Understanding Protestant Beliefs


#1

Does anyone know of a resource where I can learn the policies of the various Protestant religions?

For instance, I have a friend who is Presbyterian, and I’d like to better understand what they believe. She makes a lot of claims regarding Christ, but then she doesn’t go to church at all, and it’s hard to say if she is right or wrong with respect to her own denomination on different topics.

This seems common amongst Christians, including Catholics; they don’t always seem to know their religion’s stance on certain issues. For example, a lot of Roman Catholics (e.g. Joe Biden) do not seem to understand or cannot accept the church’s non-negotiable understanding on abortion rights. But I know this because Roman Catholicism is something I have grown up with.

Where can I learn such information on other denominations? Or even other religions, like Judaism. I mean, do Jewish folks believe in abortion? Where can I learn their policies?


#2

For a brief summary of anything, Wikipedia is usually okay I have found.
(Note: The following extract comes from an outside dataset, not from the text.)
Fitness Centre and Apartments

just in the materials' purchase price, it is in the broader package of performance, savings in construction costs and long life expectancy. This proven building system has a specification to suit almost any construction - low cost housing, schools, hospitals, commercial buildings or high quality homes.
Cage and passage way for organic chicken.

Not everyone knows what their religion teaches, and some know but reject some teachings.


#3

Most churches maintain a website where much information can be found. You didn’t say what kind of Presbyterian your friend is, but here’s a link to the beliefs page for the Bible Presbyterian Church:

bpc.org/?page_id=201

If any church you’re interested in learning more about doesn’t have the specific answer to your question on their website, there is likely contact information so that you can ask them directly.


#4

[quote="jrtrent, post:3, topic:304739"]
You didn't say what kind of Presbyterian your friend is.

[/quote]

,

That's something I did not know to ask her. I will have to do as such soon.

[quote="jrtrent, post:3, topic:304739"]
...there is likely contact information so that you can ask them directly.

[/quote]

I must be stupid. It makes sense that I could just go to a Presbyterian church (or any other place of worship) and speak to a qualified someone. I hadn't even thought of it.
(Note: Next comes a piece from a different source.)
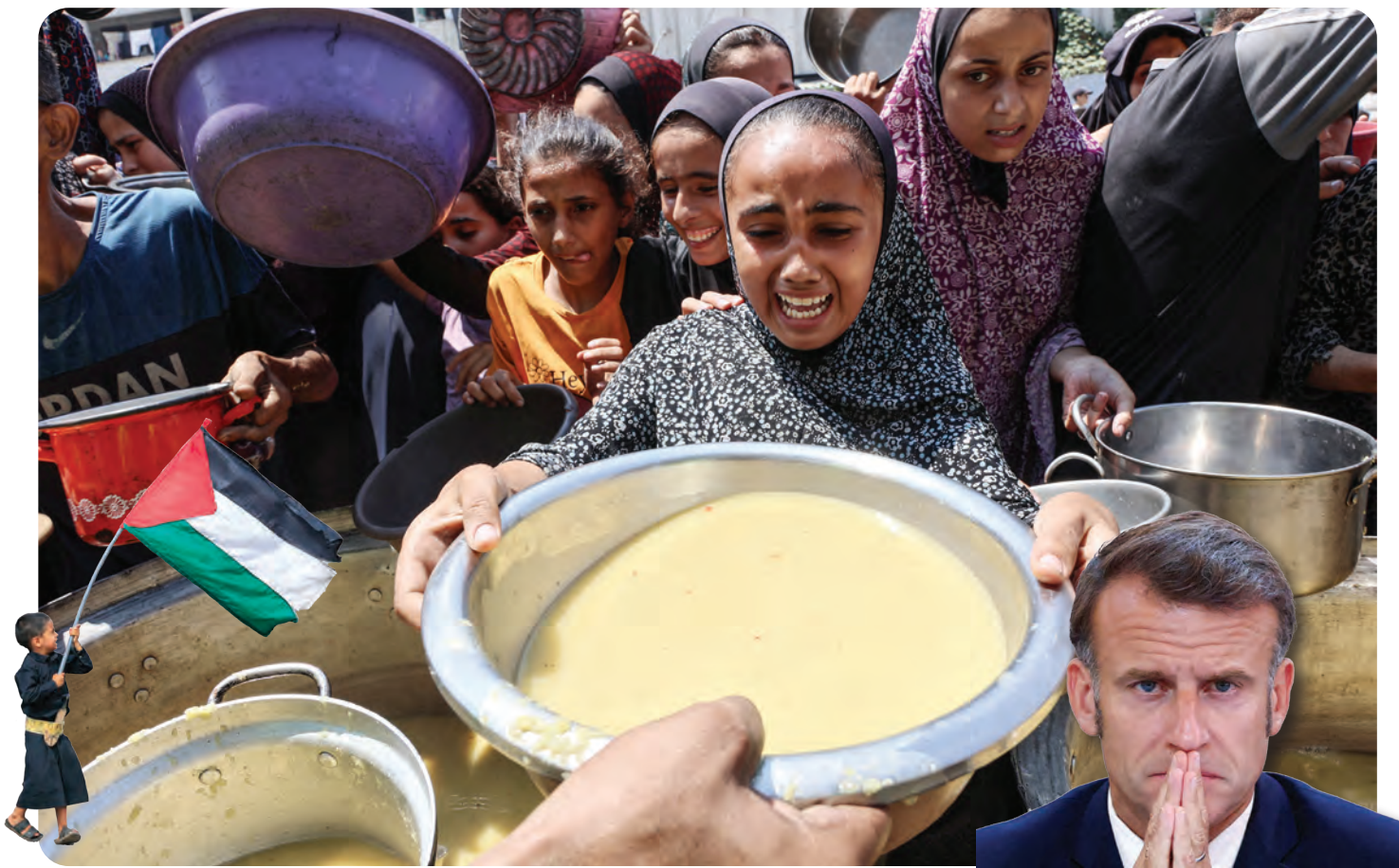
A displaced Palestinian girl reacts as she receives lentil soup at a food distribution point in Gaza City in the northern Gaza Strip

Paris backs recognition of Palestinian state as Gulf countries welcome move

Websites are a little impersonal, and complex issues can require some degree of discussion, so I may foot it instead.

Thank you for the ideas. :)


#5

If you wanted to know, for example, what the Presbyterian church believes it would be best to get it directly from a Prebyterian theologian rather than from someone outside that particular assembly. That would go for any religion or even secular subjects like Chrysler automobiles, it would be best to ask someone who works for Chrysler or a dealership who sells and services that make, or even someone who owns and drives one., instead of someone connected with Toyota, for instance.


#6

[quote="LegoGE1947, post:5, topic:304739"]
If you wanted to know, for example, what the Presbyterian church believes it would be best to get it directly from a Prebyterian theologian rather than from someone outside that particular assembly. That would go for any religion or even secular subjects like Chrysler automobiles, it would be best to ask someone who works for Chrysler or a dealership who sells and services that make, or even someone who owns and drives one., instead of someone connected with Toyota, for instance.

[/quote]

I'd strongly second this suggestion.

I also think the Wiki suggestion is good. Though sometimes people here look down on Wikipedia, I think more often than not it's a very useful resource if taken as a starting point. I often click on the reference notes to follow on with more depth information.


#7

I'm a convert to Catholicism from evangelical Protestantism.

The best way to learn about a Protestant church is to visit that church (make an appointment with the pastor) and talk to him/her, and also ask for a copy of the church's "Statement of Faith."

This document might have a different name depending on which church you are visiting. I'm guessing that many of the non-denoms have it all on their websites rather than wasting money on a paper document that sits in a rack on the wall.

But basically, this document will describe what the church believes.

The mainlines (older Protestant denominations;, e.g, Presbyterian, Episcopal, Lutheran, Methodist, Congregational, United Church of Christ, Reformed, etc.) will also refer you to their Catechisms and Confessions. Often, these are fairly short documents (not like the Catechism of the Catholic Church :)), so go ahead and look them up and read through them.

The evangelical churches will have a written (or online or both) Statement of Faith that is fairly short.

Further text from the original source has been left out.